In recent weeks, a largely futile rhetorical debate has broken out over what’s happening at the southern border. Conservatives have sounded the alarm bells, consistently referring to the situation as an all-out crisis. Meanwhile, the Biden administration prefers to speak of the border situation as a “challenge,” which it is more than capable of addressing.
Regardless of the terminology, there is something we should all agree on: Thousands of children trapped for days or weeks in jail-like Customs and Border Protection holding cells is a problem. Republicans are not wrong to draw attention to it. Nor are they wrong to suggest it has something to do with Joe Biden’s immigration policies. They have just gotten their diagnosis of what’s bad about these policies backwards.
Namely, while Republicans blame Biden’s (very limited) pro-asylum policies for acting as a “magnet,” it is actually his anti-asylum ones that are causing a backlog of unaccompanied kids in the system. Here’s how.
Since taking office, Biden has left in place a Trump-era order, known as Title 42, suspending access to asylum at the U.S. border for families traveling together and solo adults. Under the policy, people who arrive at the border can get expelled immediately, with virtually no chance to seek protection.

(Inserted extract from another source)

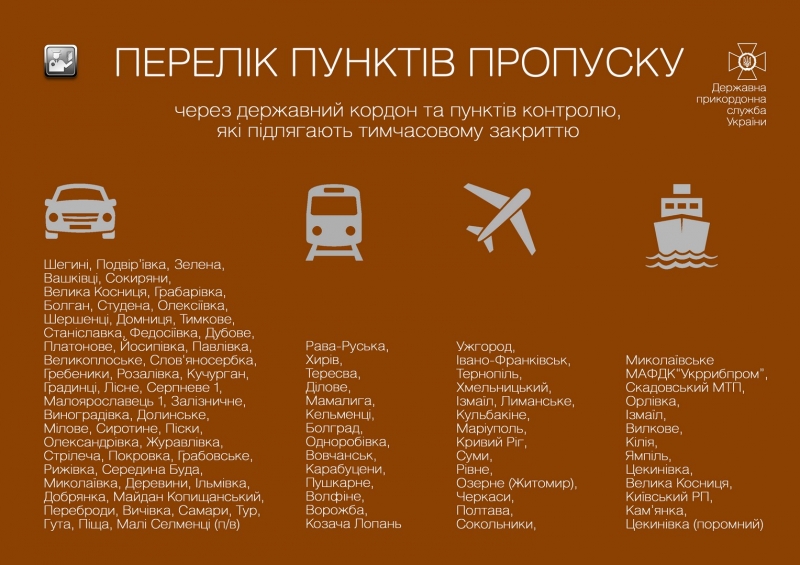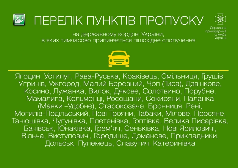 С сегодняшнего дня временно закрывают около сотни пунктов пропуска, еще в почти полсотни пунктов пропуска временно прекращается пешеходное сообщение. Однако при этом продолжат работать пункты пропуска, в которых большая пропускная способность, сообщает пресс-центр ГПСУ.

There is an exception, however, for children who are not with an adult. These unaccompanied minors are still being processed for asylum, due to a court order that went into effect during the Trump presidency and the Biden team’s later decision to continue with the same policy.
Since this exception was created, the number of unaccompanied minors in U.S. custody has shot up — a trend that began under Donald Trump that has continued. Right-wingers say this is evidence Biden is being too “soft” and even too humane on immigration, signaling to people outside of our borders that it is time to come. In response, Democrats and administration officials often repeat that expelling unaccompanied minors would be wrong.

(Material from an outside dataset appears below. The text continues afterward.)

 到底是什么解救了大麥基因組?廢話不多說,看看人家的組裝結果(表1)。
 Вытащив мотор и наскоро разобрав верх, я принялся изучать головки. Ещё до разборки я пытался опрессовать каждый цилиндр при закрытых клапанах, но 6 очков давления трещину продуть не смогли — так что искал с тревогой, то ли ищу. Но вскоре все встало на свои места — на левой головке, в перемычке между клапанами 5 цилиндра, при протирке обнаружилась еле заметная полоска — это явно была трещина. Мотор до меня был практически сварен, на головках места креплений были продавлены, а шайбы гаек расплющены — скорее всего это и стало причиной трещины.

These officials are right to say that a return to Trump-era child expulsions is morally repugnant. But the reality is, expelling families is actually causing more children to travel unaccompanied in the first place.
For one, by turning away many families without allowing them access to an asylum screening, the administration forces many children to try their luck alone. Recent reporting from the border features desperate families openly discussing the possibility of sending their children solo. This is a traumatic choice that no parent would make willingly; but when their kids’ lives are in danger in Mexico or their home countries, there is no alternative.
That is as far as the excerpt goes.